Set the two x-expressions equal:

$$\eqalign{ s + 1 & = -5 t + 4 \cr s & = -5 t + 3 \cr}$$

Equate the expressions for y, then substitute $s = -5 t + 3$ :

$$\eqalign{ 3 s + 7 & = 2 t + 3 \cr 3 (-5 t + 3) + 7 & = 2 t + 3 \cr -15 t + 16 & = 2 t + 3 \cr -17 t & = -13 \cr \noalign{\vskip2pt} t & = \dfrac{13}{17} \cr}$$

Substitute this into $x = -5 t +
   4$ and $y = 2 t + 3$ to get $x =
   \dfrac{3}{17}$ and $y = \dfrac{77}{17}$ .

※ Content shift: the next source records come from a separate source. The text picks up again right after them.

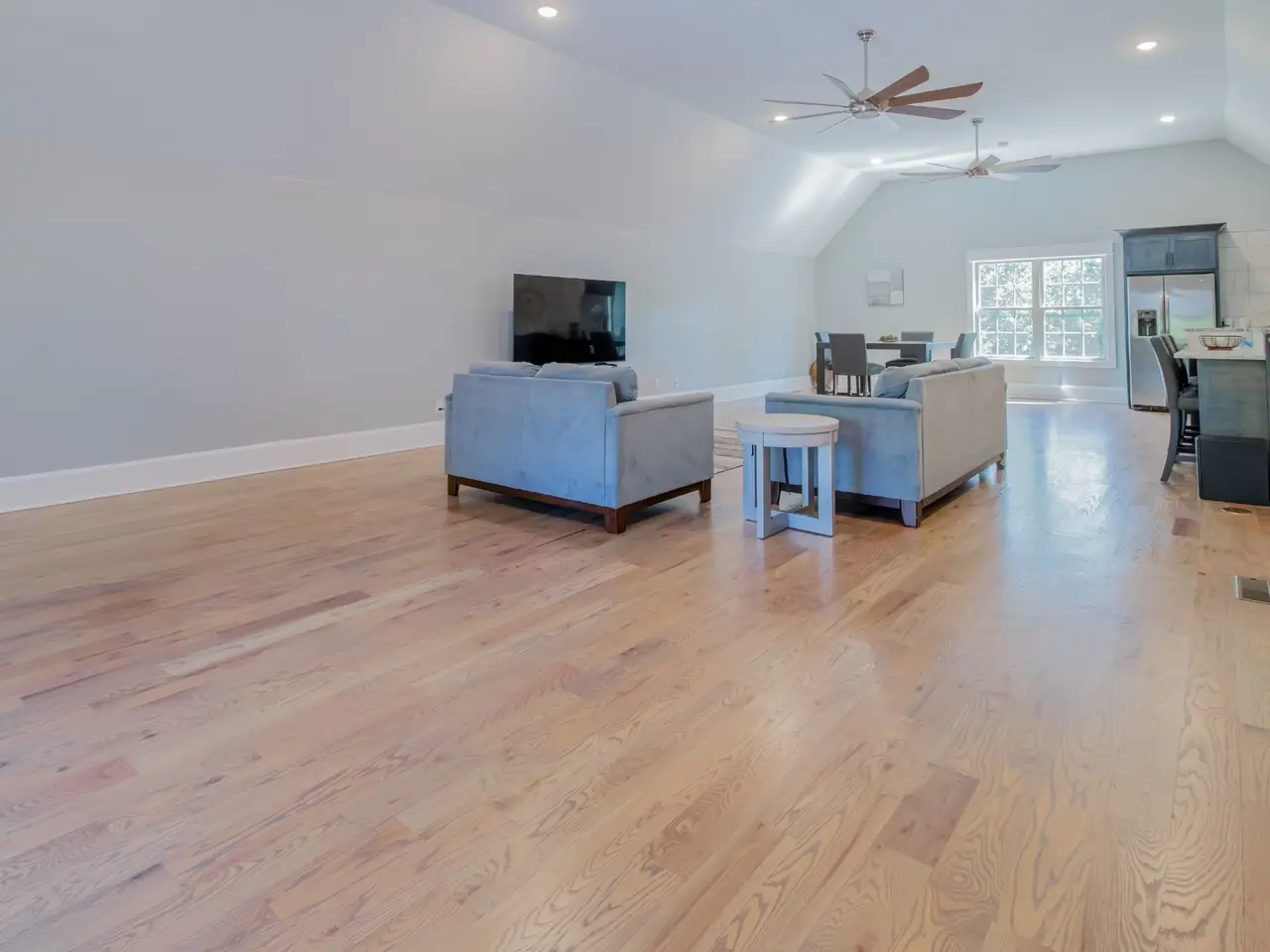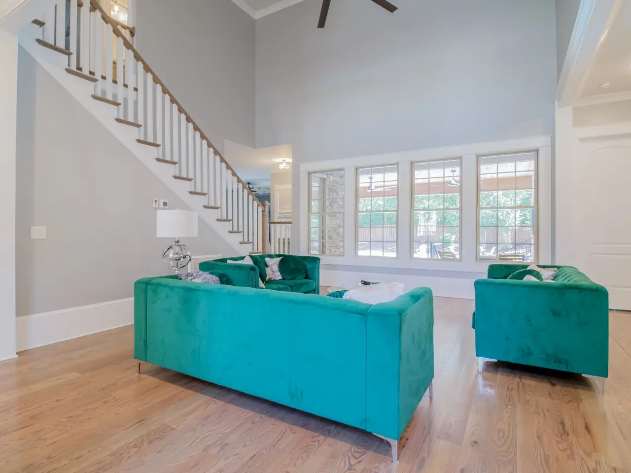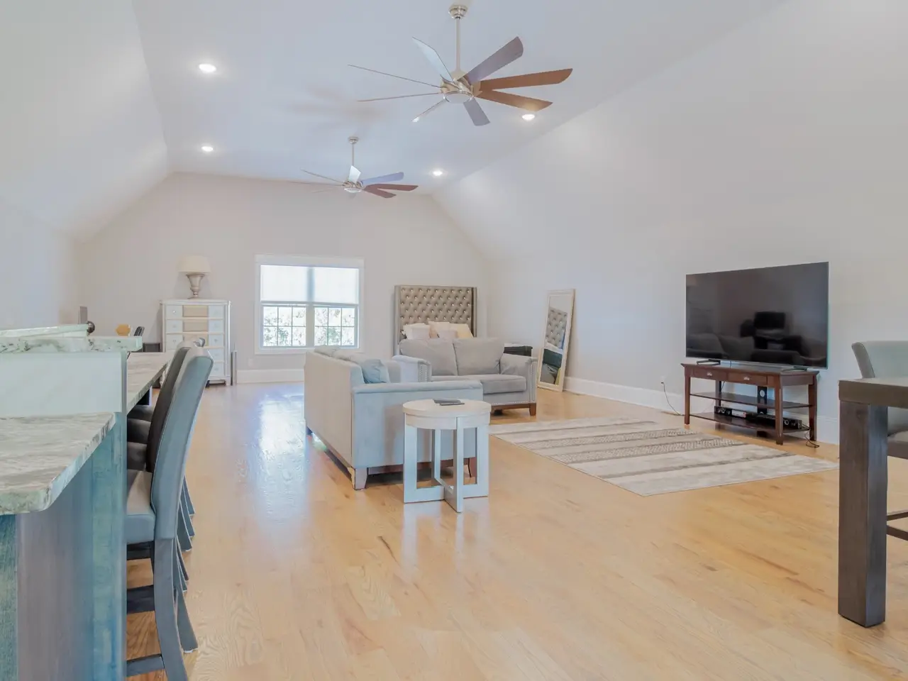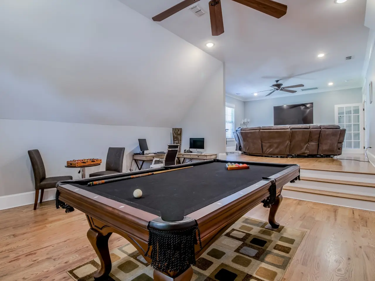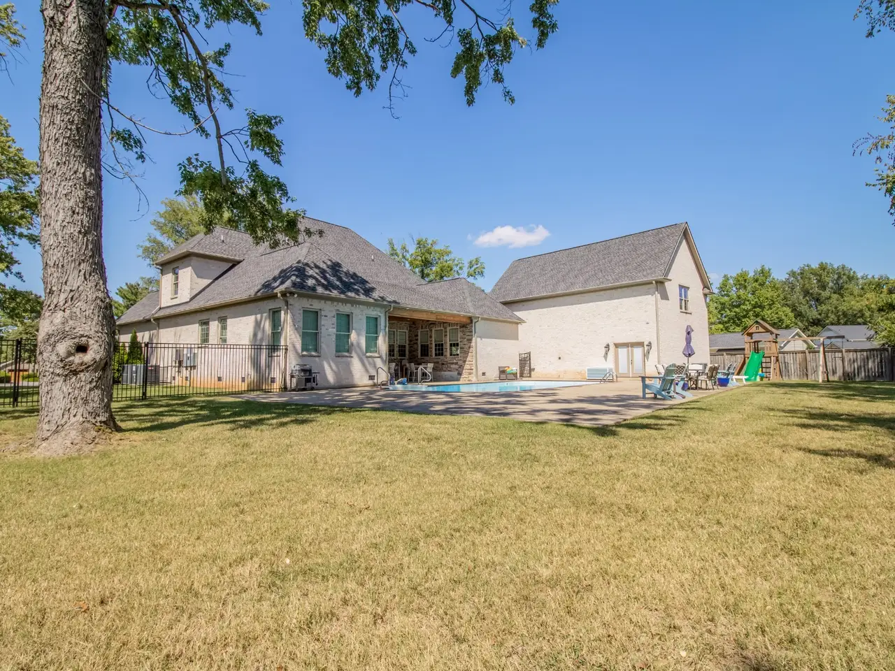 Beautiful home. The main level boasts 2 bedrooms - a huge primary suite with a massive walk-in shower, closet with built-ins. The second bedroom features its own bath and closet. There are 3 bedrooms on the second level, each with its own full bath. Gourmet kitchen opens into separate living area with fireplace. Wide planked hardwood floors throughout (no carpet). Interior louvered blinds. Room darkening blinds in den and primary bedroom. Detached garage includes apartment above. It is 1400 sq ft livable space with full kitchen and bath. Exterior provides private backyard, covered back porch, in-ground pool with new liner, and fenced in backyard. This Murfreesboro custom built gem offers space and style.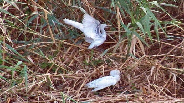 شاهدتُ أول الأسراب، كانت أعداداً كبيرة من طيور البلشون الأبيض «Egret» تقف كتماثيل الرخام على أطراف الجزر، تستعد لإكمال رحلتها. وإلى جوارها، كانت أنواع من البط البري والكيش تستريح بعد ليل طويل من الطيران. وبعد عدة أمتار تجد.مالك الحزين الرمادي «Grey Heron» ذلك الطائر الكبير والهادئ، الذى يفضل الوقوف بلا حراك لصيد الأسماك على الأطراف المائية.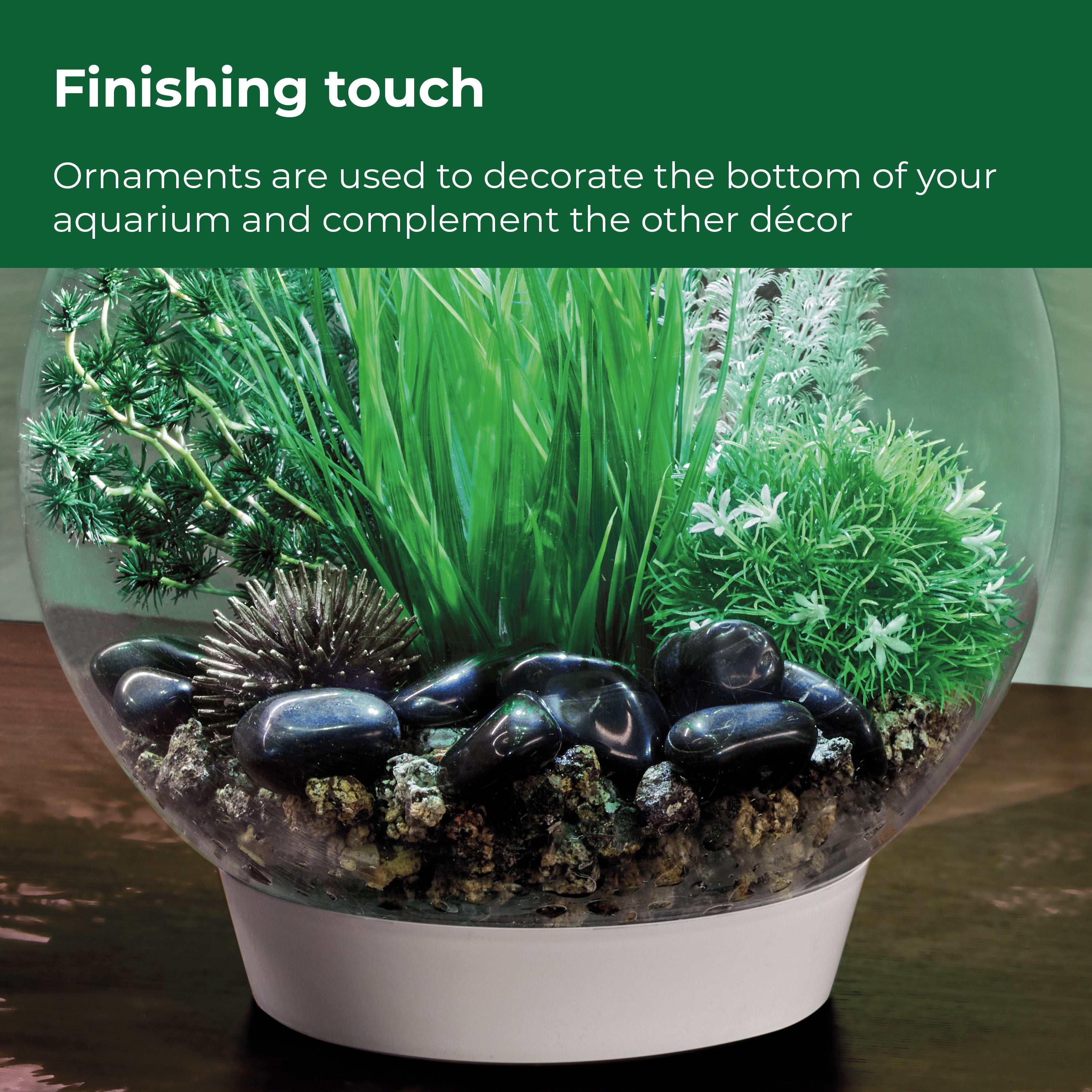 • DECORATE YOUR AQUARIUM IN A SNAP! biOrb Décor Sets are a themed collection of some of our favorite pieces, curated for your aquarium. This set features a Grass Ring Sculpture, Black Bonsai Ball, Flower Ball with Daisies, one Small Ambulia Plant, one Black Sea Urchin, and a Black Marble Pebble Set. Each perfectly complements the others.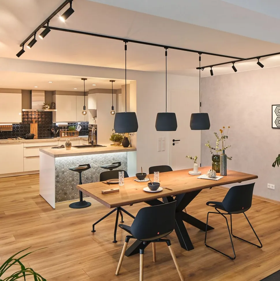 Det URail 2Easy Basic-vedhæng tilbyder dekorative muligheder inden for URail skinnesystemet. For eksempel kan den kombineres individuelt med en URail 2Easy-paraply. Disse er lavet af glas, stof eller metal. Hvem vil undvære det, kan skrue enhver E27-pære i E27- fatning – her anbefales det at vælge en glødelampe i åbne armaturer.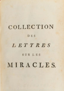 VOLTAIRE. Collection des lettres sur les miracles. Neuchatel, s.n., 1767. In-8, veau blond, triple filet, dos à 5 nerfs orné, roulette intérieure (Reliure de l'époque). Bengesco, II-157 /// (2f.)-258. Réimpression de vingt lettres sur les...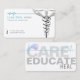 Faites votre impression avec ce carte de visite artistique spécialement conçu pour les femmes professionnels de la santé. Convient aux médecins, infirmières, assistants médicaux, chirurgiens et autres professionnels de la santé. Caractéristiques : - Design simpliste et élégant pour convenir à un professionnel médical. - Couleurs et motifs soigneusement choisis sur l'avant et le dos de la carte. - Texte personnalisable / amovible à l'avant et à l'arrière de la carte.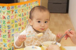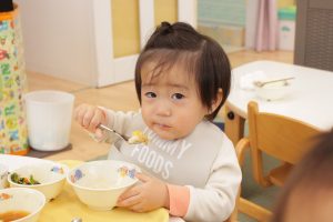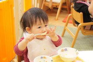 スプーンを使って自分で食べようとするようになりました🍚
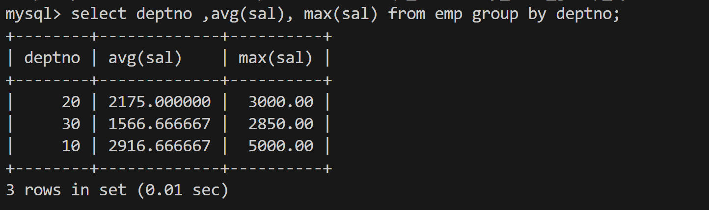 select deptno ,format(avg(sal),2), max(sal) from emp group by deptno;select deptno, avg(sal) as avg_sal from EMP group by deptno having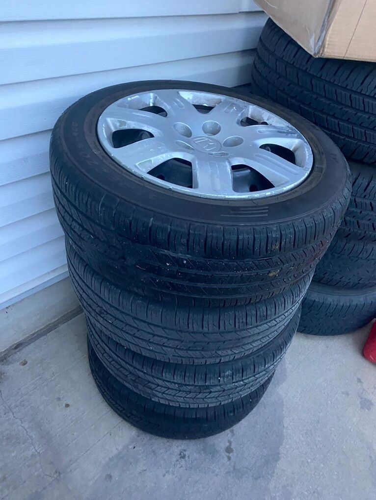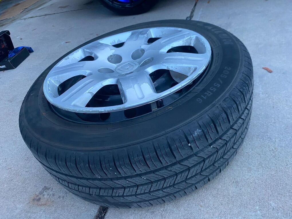 This tires are in good condition. They are size 205-55-r16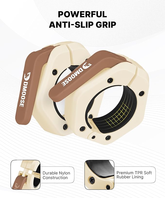 • DURABLE CONSTRUCTION WITH TRP RUBBER LINING: Made with high-quality materials, these quick release clamp feature TPR rubber lining to protect your barbell & plates from wear and tear. Built for long-lasting durability, they’ll hold up through countless workouts.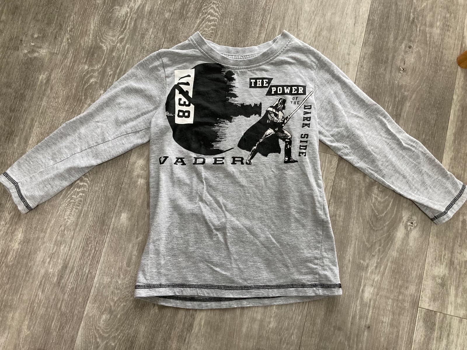 Světle šedé melírované triko po mých syncích. V předu kapsička. Bez vady. Uvedená velikost 110/116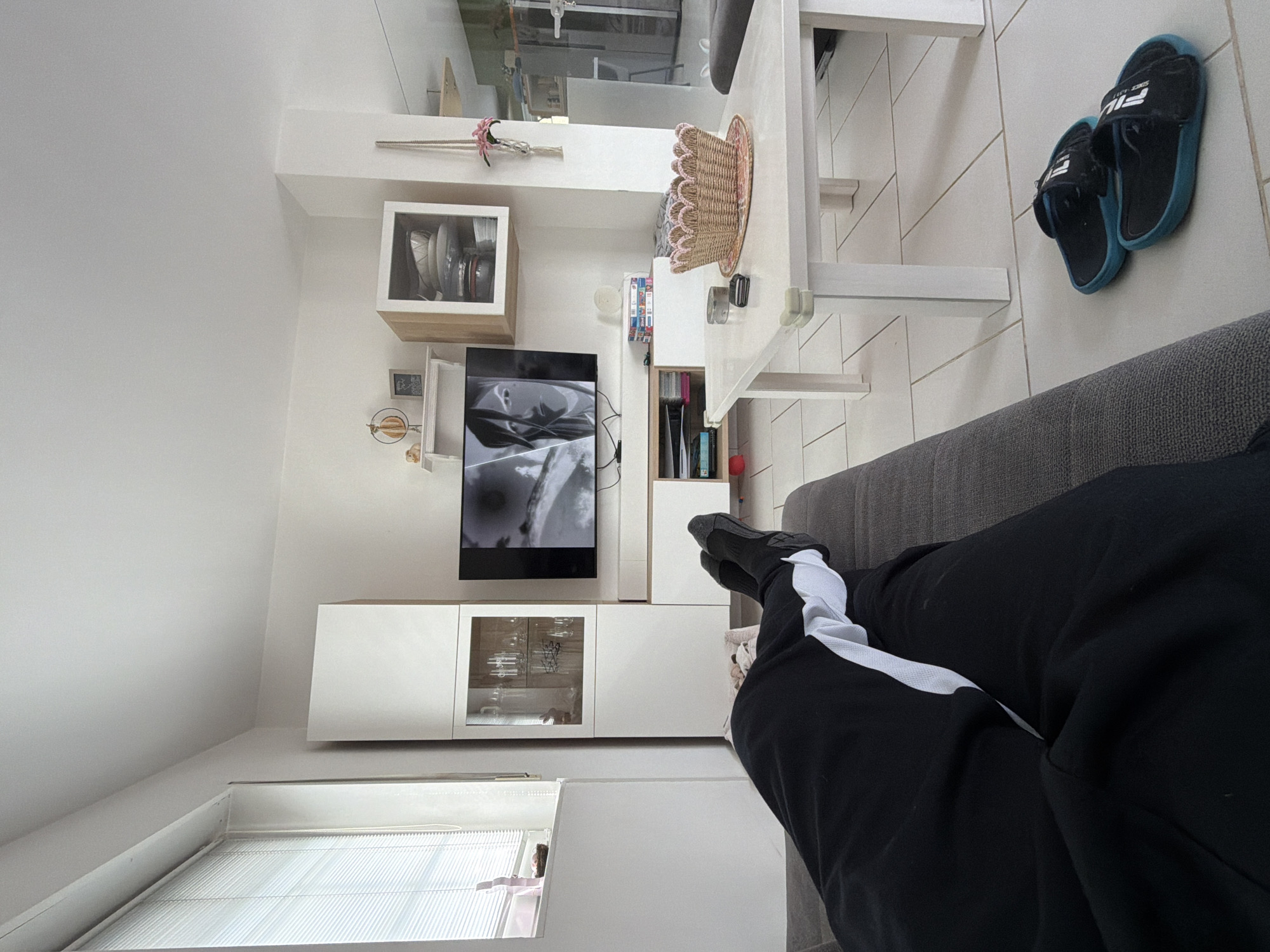 The scene is an interior living space, reportedly located in Trassem, Germany. A person is lying on a grey fabric sofa in the foreground, with their legs extended forward. They are wearing black sweatpants with a white vertical stripe on the outer thigh and dark grey socks. Their upper body is not visible. In the midground, a white rectangular coffee table with light-colored corner protectors is positioned on a light-tiled floor. On the table, a wicker basket with pink scalloped edges rests on a patterned mat, alongside a small cylindrical silver container and a dark rectangular object. To the right of the coffee table, on the floor, a pair of black and teal Fila slides are present. Against the far wall, a white entertainment unit comprises several modules. A television is centrally mounted, displaying a black and white image, possibly a stylized face or character. Below the television, open shelves contain various items, including books or media cases. To the left of the television unit, a tall white cabinet with a glass-fronted upper section displays glassware. Above and to the right of the television, a wall-mounted wooden-framed cabinet with glass doors contains dishes. A small white floating shelf above the television holds a globe ornament and a framed picture. To the left, a window with white horizontal blinds is visible, allowing diffused light into the room. A pink object and other small items rest on the windowsill. To the right, a white structural column or wall partition features a macrame plant hanger holding pink artificial flowers. Beyond this partition, glimpses of another room, possibly a kitchen or dining area with light-colored cabinetry, are visible. The walls throughout the visible space are white, and the floor is covered with large, light-colored square tiles.

The intersection point is $\left(\dfrac{3}{17}, \dfrac{77}{17}\right)$ .


2. Find the equation of the tangent line to

$$x = (t^2 + 1)^2, \quad y = t^3 + 2 t + 1, \quad\hbox{at}\quad t = 1.$$

When $t = 1$ , I have $x =
   4$ and $y = 4$ . The point of tangency is $(4, 4)$ .

$$\der y x = \dfrac{\der y t}{\der x t} = \dfrac{3 t^2 + 2}{4 t(t^2 + 1)}.$$

Setting $t = 1$ gives $\der y x = \dfrac{5}{8}$ . The tangent line is

$$y - 4 = \dfrac{5}{8}(x - 4), \quad\hbox{or}\quad y = \dfrac{5}{8} x + \dfrac{3}{2}.\quad\halmos$$


3. Find the equation of the tangent line to

$$x = t + 3 e^{2 t}, \quad y = -4 t + 5 e^{2 t}, \quad\hbox{at}\quad t = 0.$$

When $t = 0$ , I have $x =
   3$ and $y = 5$ .

$$\der y x = \dfrac{\der y t}{\der x t} = \dfrac{-4 + 10 e^{2 t}}{1 + 6 e^{2 t}}.$$

Setting $t = 0$ gives $\der y x = \dfrac{6}{7}$ . The tangent line is

$$y - 5 = \dfrac{6}{7} (x - 3), \quad\hbox{or}\quad y = \dfrac{6}{7} x + \dfrac{17}{7}.\quad\halmos$$


4. Consider the parametric curve

$$x = t^3 - 3 t + 1, \quad y = t^2 - 4 t + 5.$$

(a) Find the value(s) of t for which the curve has a horizontal tangent line.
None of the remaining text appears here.